Alternate universe TARDIS

Main article: The Doctor's TARDIS (Blood Heat)
The Seventh Doctor and Wolsey in the transitional control room. (PROSE: Human Nature)

While travelling in an alternate universe, the Seventh Doctor lost his TARDIS while the one of his dead Third Doctor counterpart was re-activated and became isomorphically linked to Ace, causing it to create interior dimensions again. (PROSE: Blood Heat) The Doctor kept it until he got back his own. (PROSE: Blood Heat - Happy Endings)

The console room contained an Edwardian chaise longue and, within one of the roundels, a thermos of coffee. (PROSE: Blood Heat) It also contained a basket chair and a hatstand. (PROSE: The Dimension Riders)

Following Ace's departure, the interior took on the appearance of wood-panelled corridors. (PROSE: Sanctuary) After being given a cat by Joan Redfern, the Seventh Doctor had an early version of the Victorian parlour interior where the time rotor was not connected to the ceiling and had a wall of roundels. (PROSE: Human Nature)

It later returned to the Grey interior. (PROSE: Head Games)

Victorian parlour

At some point, the Seventh Doctor began to use a new control room, one that resembled a comfortable Victorian parlour. This design was later inherited by the Eighth Doctor. (TV: Doctor Who)

River Song was known to have loved this version of the room, (GAME: The Eternity Clock) while Charlotte Pollard and the Fourth Doctor found it in poor taste. (AUDIO: The Stones of Venice, The Light at the End) Harry Sullivan and Naomi Cross did not like it, not deeming it "spaceshippy" enough. (AUDIO: Scream of the Daleks)

After later consoles, the Eighth Doctor would later restore or copy this console. (AUDIO: Storm Warning, The Great War)

Origin

Accounts differed over how and why this version of the control room was created or came in use.
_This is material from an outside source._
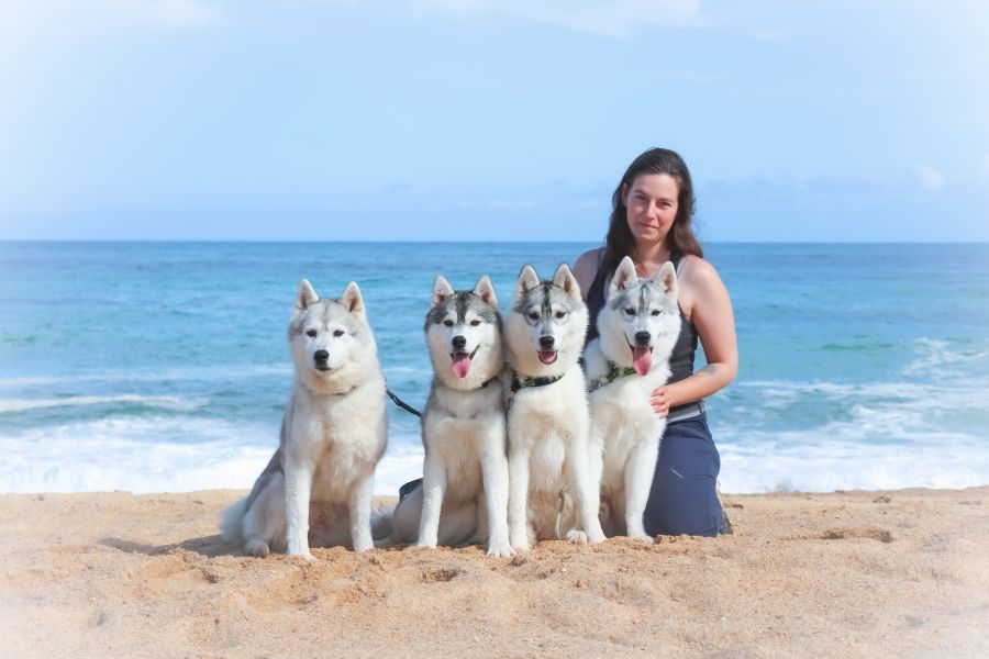 Je parcours une bonne partie de l'Europe pour faire des expositions de beauté et mon compagnon s'occupe de la partie attelage en cani-trotinette ou en traîneau dès que les conditions météo le permettent.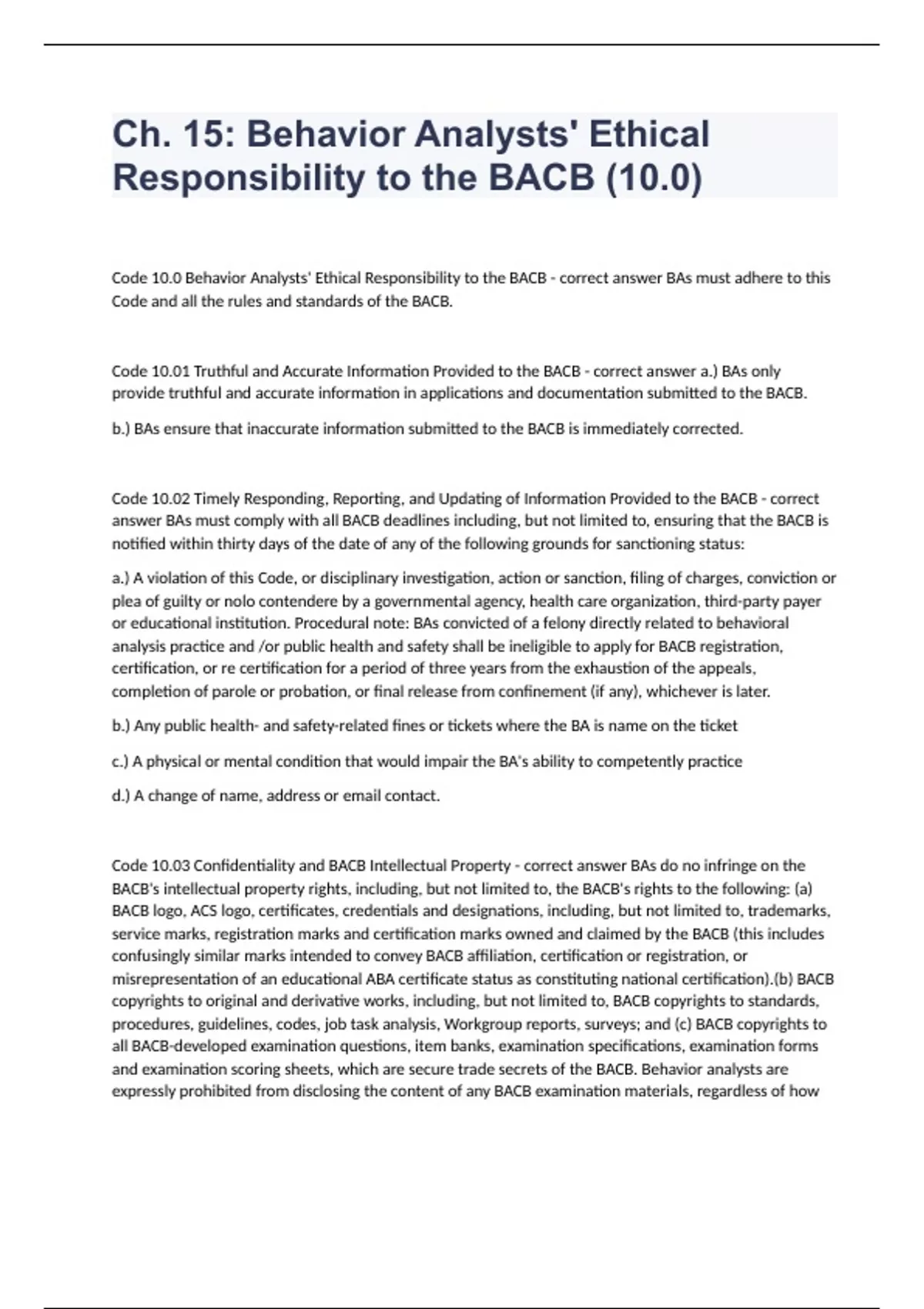 Ch. 15 Behavior Analysts' Ethical Responsibility to the BACB (10.0) Code 10.0 Behavior Analysts' Ethical Responsibility to the BACB - correct answer BAs must adhere to this Code and all the rules and standards of the BACB. Code 10.01 Truthful and Accurate Information Provided to the BACB - correct answer a.) BAs only provide truthful and accurate information in applications and documentation submitted to the BACB. b.) BAs ensure that inaccurate information submitted to the BACB is immediately corrected. Code 10.02 Timely Responding, Reporting, and Updating of Information Provided to the BACB - correct answer BAs must comply with all BACB deadlines including, but not limited to, ensuring that the BACB is notified within thirty days of the date of any of the following grounds for sanctioning status: a.) A violation of this Code, or disciplinary investigation, action or sanction, filing of charges, conviction or plea of guilty or nolo contendere by a governmental agency, health care organization, third-party payer or educational institution. Procedural note: BAs convicted of a felony directly related to behavioral analysis practice and /or public health and safety shall be ineligible to apply for BACB registration, certification, or re certification for a period of three years from the exhaustion of the appeals, completion of parole or probation, or final release from confinement (if any), whichever is later. b.) Any public health- and safety-related fines or tickets where the BA is name on the ticket c.) A physical or mental condition that would impair the BA's ability to competently practice d.) A change of name, address or email contact.

Although the Eighth Doctor claimed that it was the "second" control room (in actuality the intended primary control room) after a spot of remodeling, many accounts suggested that it was physically the same room as the white control room used by previous incarnations of the Doctor, but had been altered for a variety of conflicting reasons.

  • An early version was already being used by the Seventh Doctor in the alternate universe TARDIS when he was given Wolsey. (PROSE: Human Nature)
  • The TARDIS herself changed the room after being trapped inside the Doctor's family estate, the House of Lungbarrow. It rebuilt itself to resemble the house after the Doctor temporarily severed the link between the interior and exterior to prevent his family stealing the ship. After he had restored the TARDIS, the console room retained this homier design (PROSE: Lungbarrow)
  • The Doctor, Ace and Hex did some "redecorating" of the TARDIS. (AUDIO: The Settling) The Doctor's original TARDIS' console room would briefly revert back to its previous design after it dematerialised from the pocket dimension he had used to imprison the Elder Gods Albert and Peggy, leaving Ace and Hex behind, while his newly grown "Black TARDIS" used its "mother"'s Victorian configuration up until its eventual destruction. (AUDIO: Black and White) Following this, the TARDIS console room was restored to its Victorian layout, (AUDIO: Gods and Monsters) being briefly changed to a white configuration after To'Koth used it to return to the home dimension of the Elder Gods, (AUDIO: Signs and Wonders) before reverting to the Victorian layout. (AUDIO: Fiesta of the Damned)
  • The Doctor — and not the TARDIS – had simply "built" it. (AUDIO: Excelis Decays)

Description

The Eighth Doctor's control room. (TV: Doctor Who)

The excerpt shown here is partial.